----- Listed records -----

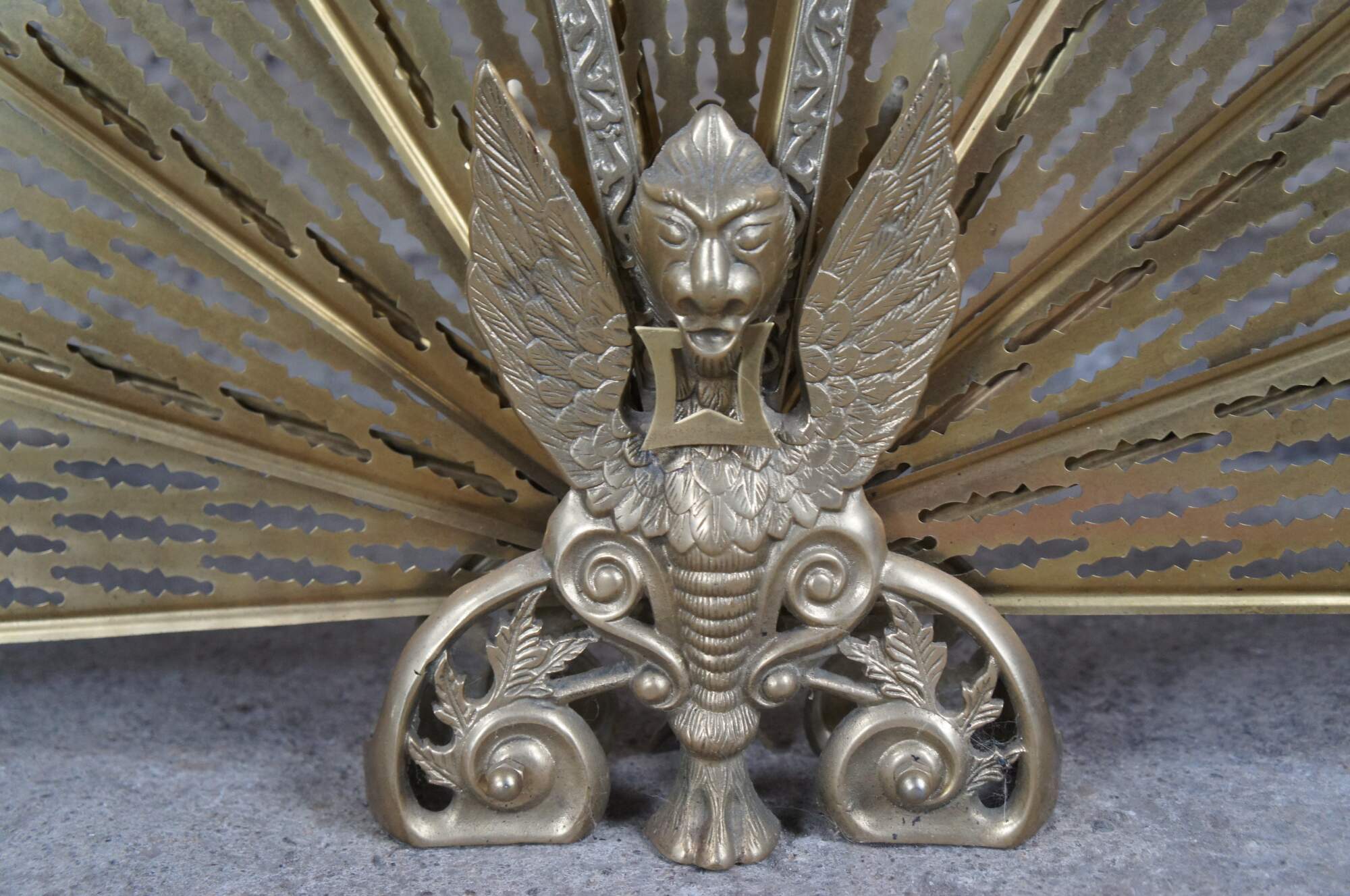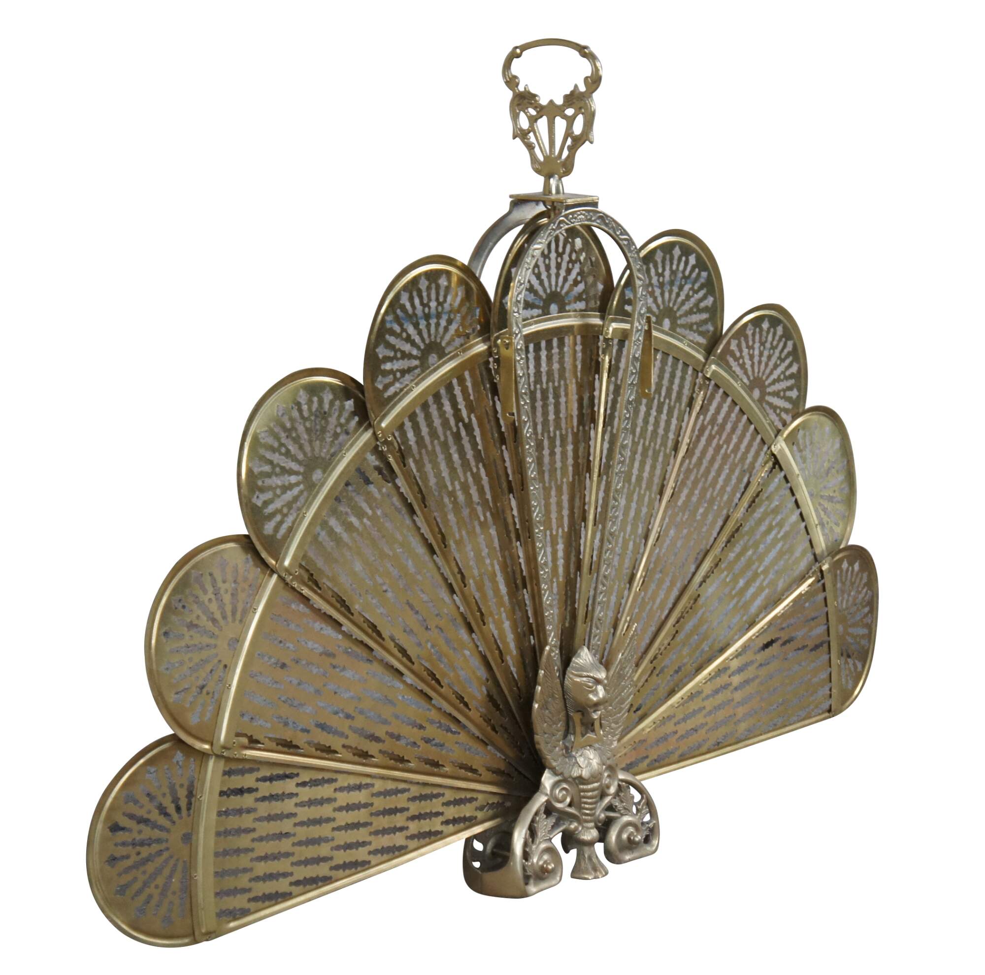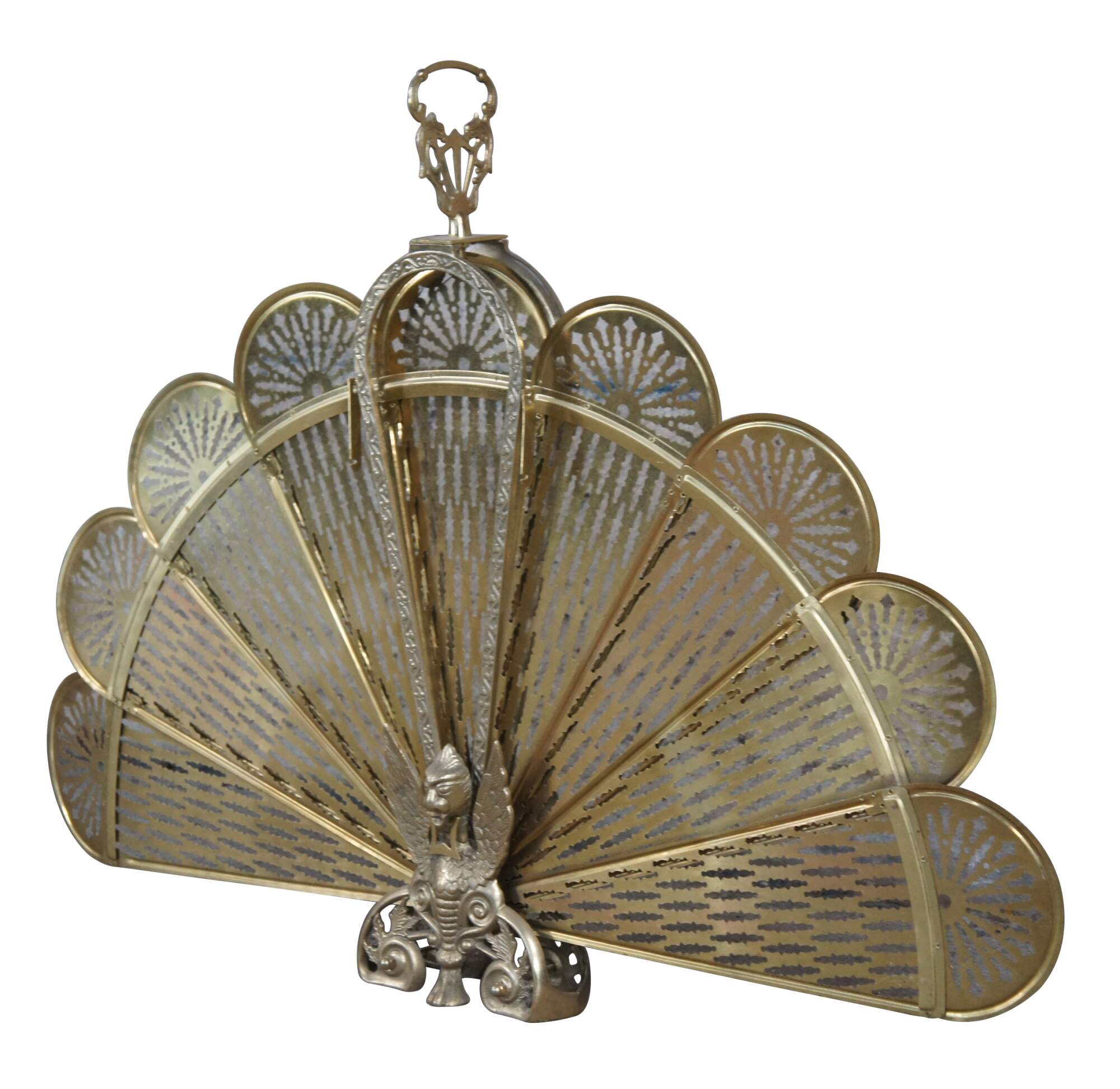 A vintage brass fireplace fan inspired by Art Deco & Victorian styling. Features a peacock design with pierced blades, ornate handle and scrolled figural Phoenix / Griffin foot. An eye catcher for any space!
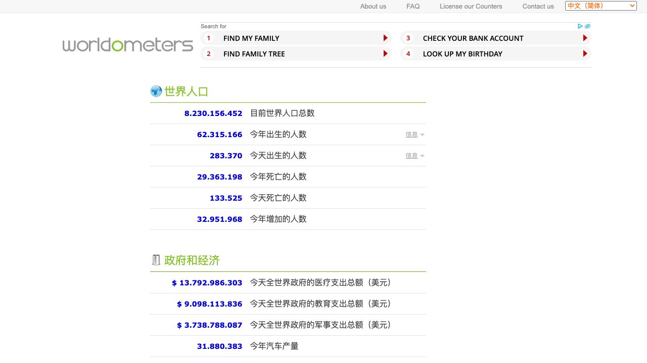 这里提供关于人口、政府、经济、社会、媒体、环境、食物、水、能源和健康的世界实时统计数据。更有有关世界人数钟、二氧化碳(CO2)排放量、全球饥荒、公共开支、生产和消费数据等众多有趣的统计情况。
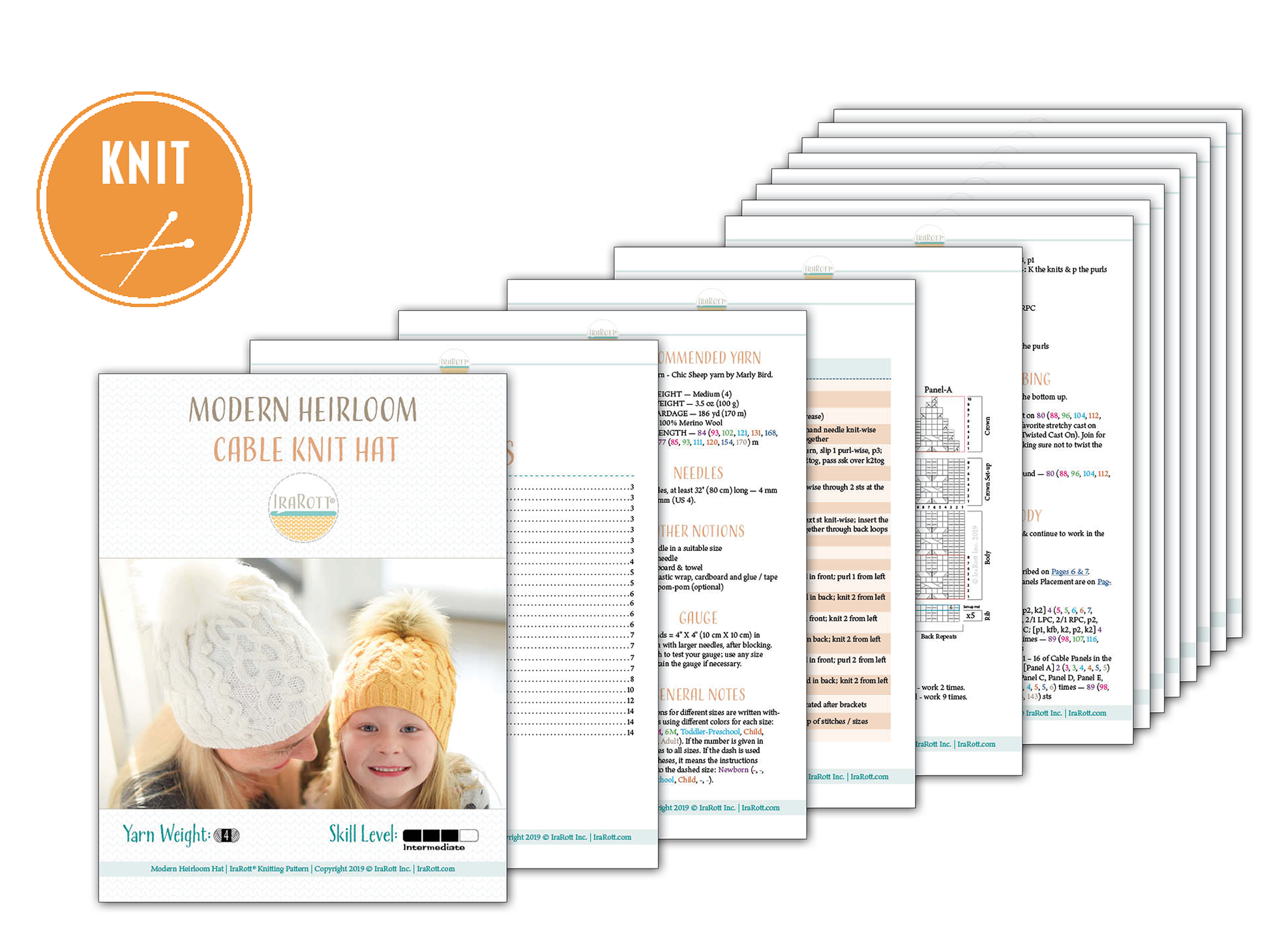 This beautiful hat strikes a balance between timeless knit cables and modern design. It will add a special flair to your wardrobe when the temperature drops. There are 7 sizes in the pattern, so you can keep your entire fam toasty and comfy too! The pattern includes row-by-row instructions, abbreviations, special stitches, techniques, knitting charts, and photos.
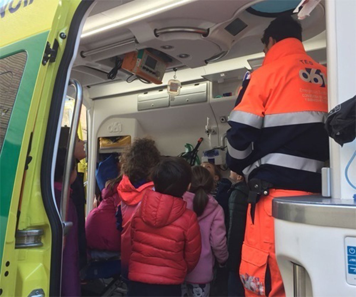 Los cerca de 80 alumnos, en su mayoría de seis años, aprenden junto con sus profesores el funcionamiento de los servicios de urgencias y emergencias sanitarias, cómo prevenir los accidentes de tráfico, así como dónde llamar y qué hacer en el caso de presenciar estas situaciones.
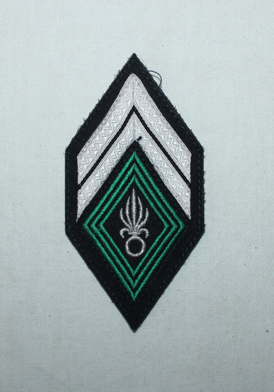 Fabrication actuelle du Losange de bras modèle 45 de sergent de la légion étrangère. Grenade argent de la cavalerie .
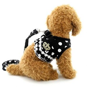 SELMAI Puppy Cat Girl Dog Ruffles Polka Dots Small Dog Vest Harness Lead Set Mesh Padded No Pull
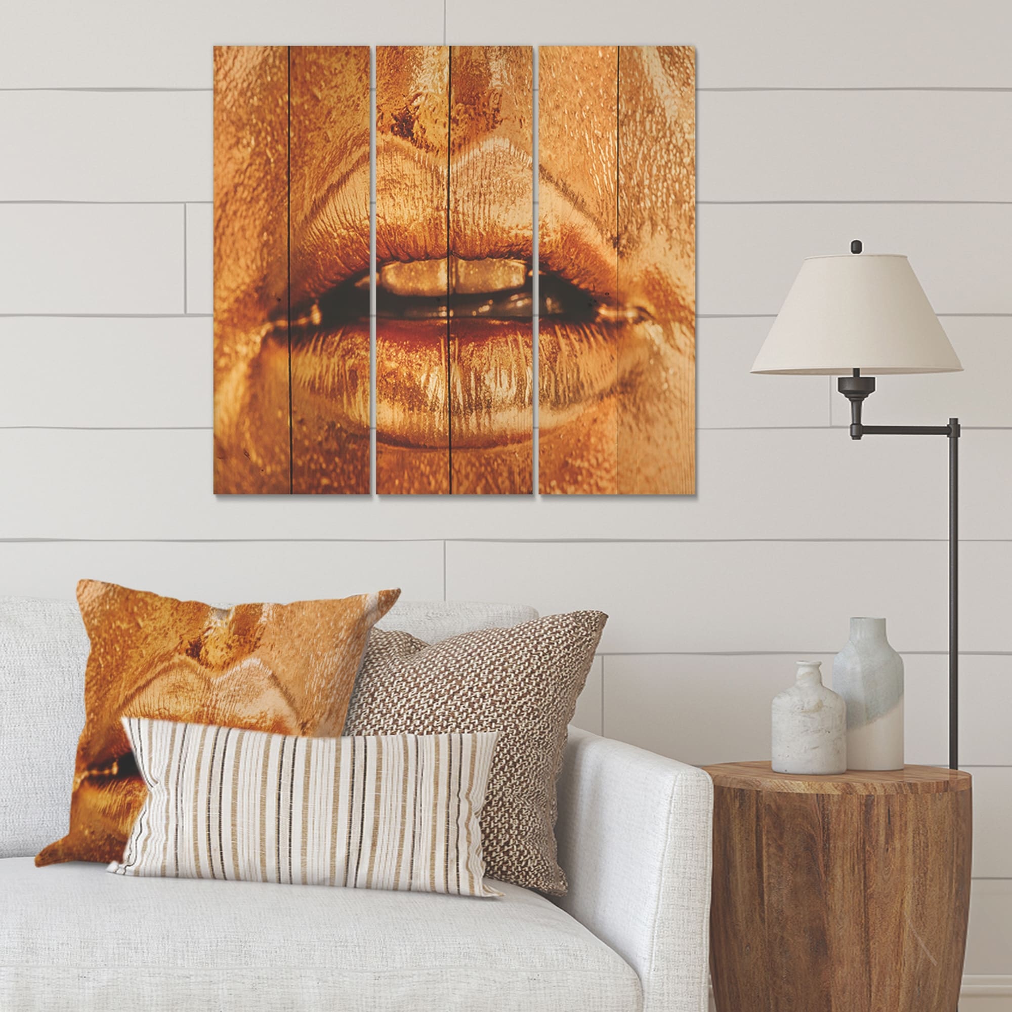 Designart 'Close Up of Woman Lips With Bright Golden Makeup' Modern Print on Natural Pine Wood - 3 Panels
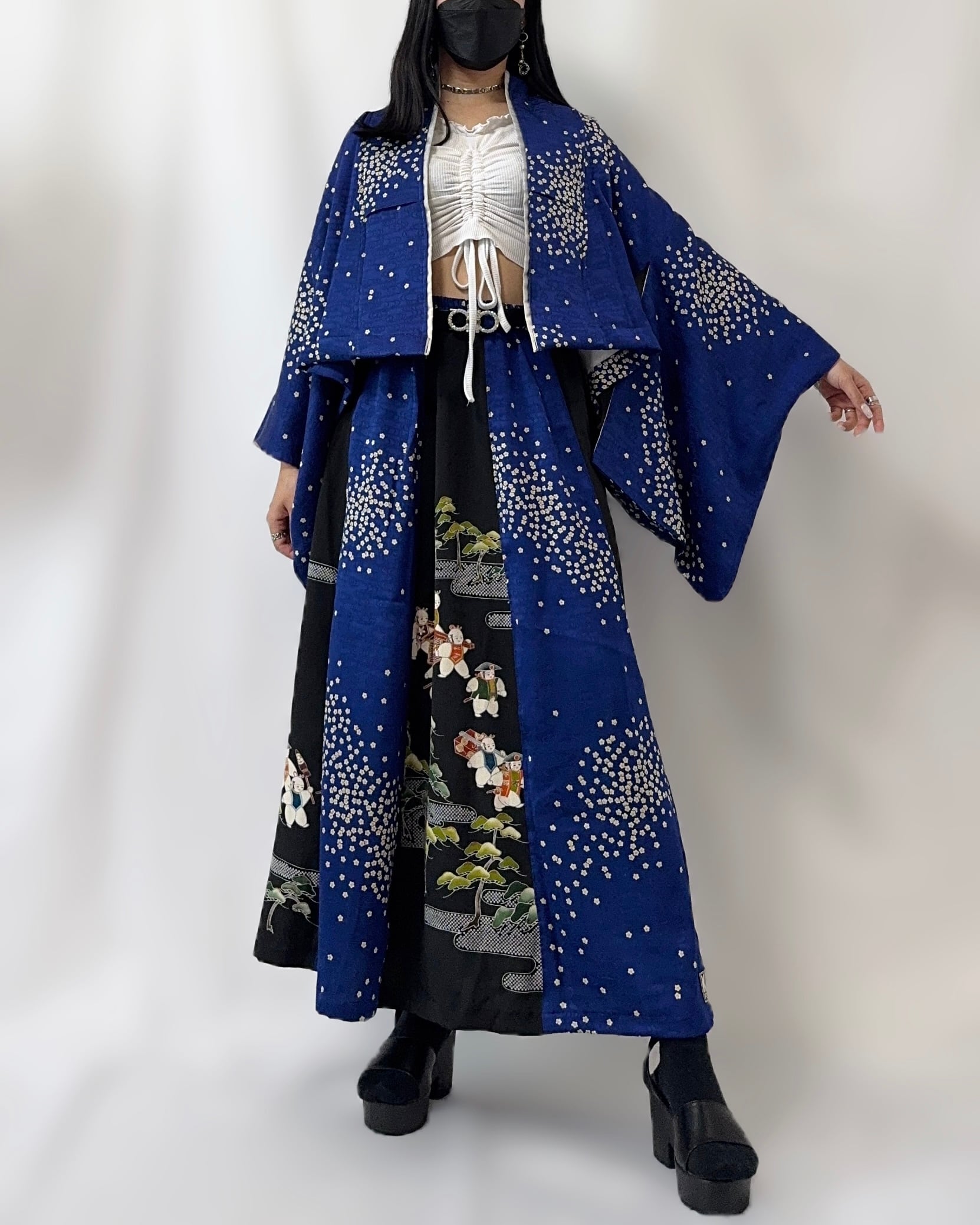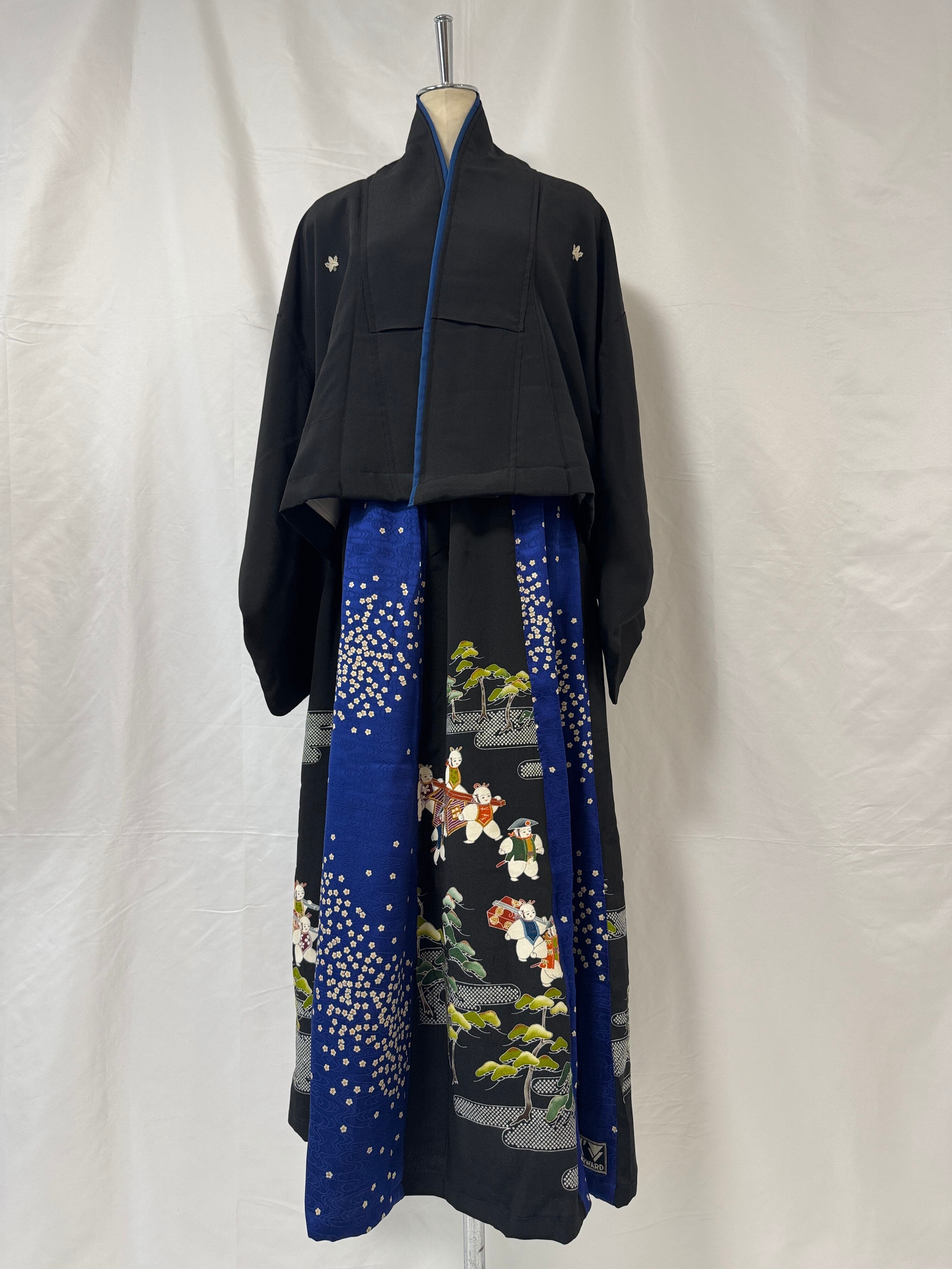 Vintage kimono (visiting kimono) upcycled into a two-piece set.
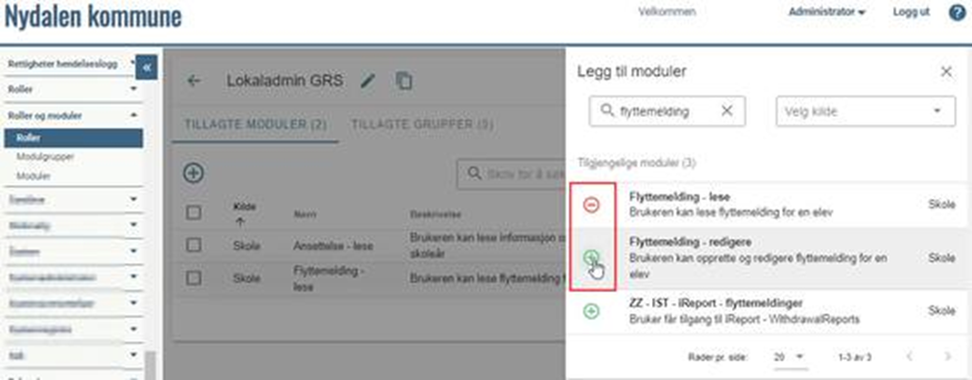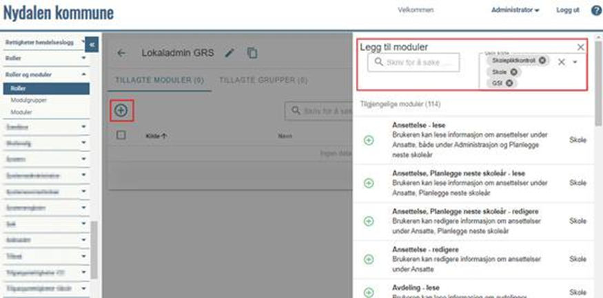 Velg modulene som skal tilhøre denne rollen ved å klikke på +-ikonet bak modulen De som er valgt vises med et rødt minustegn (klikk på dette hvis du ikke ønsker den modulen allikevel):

-----

**What the task asks:** Please repeat the lines above from the line containing "Designart 'Close Up" through the final line, both included, exactly as they stand and without pictures.

**Your solution:**
 Designart 'Close Up of Woman Lips With Bright Golden Makeup' Modern Print on Natural Pine Wood - 3 Panels
 Vintage kimono (visiting kimono) upcycled into a two-piece set.
 Velg modulene som skal tilhøre denne rollen ved å klikke på +-ikonet bak modulen De som er valgt vises med et rødt minustegn (klikk på dette hvis du ikke ønsker den modulen allikevel):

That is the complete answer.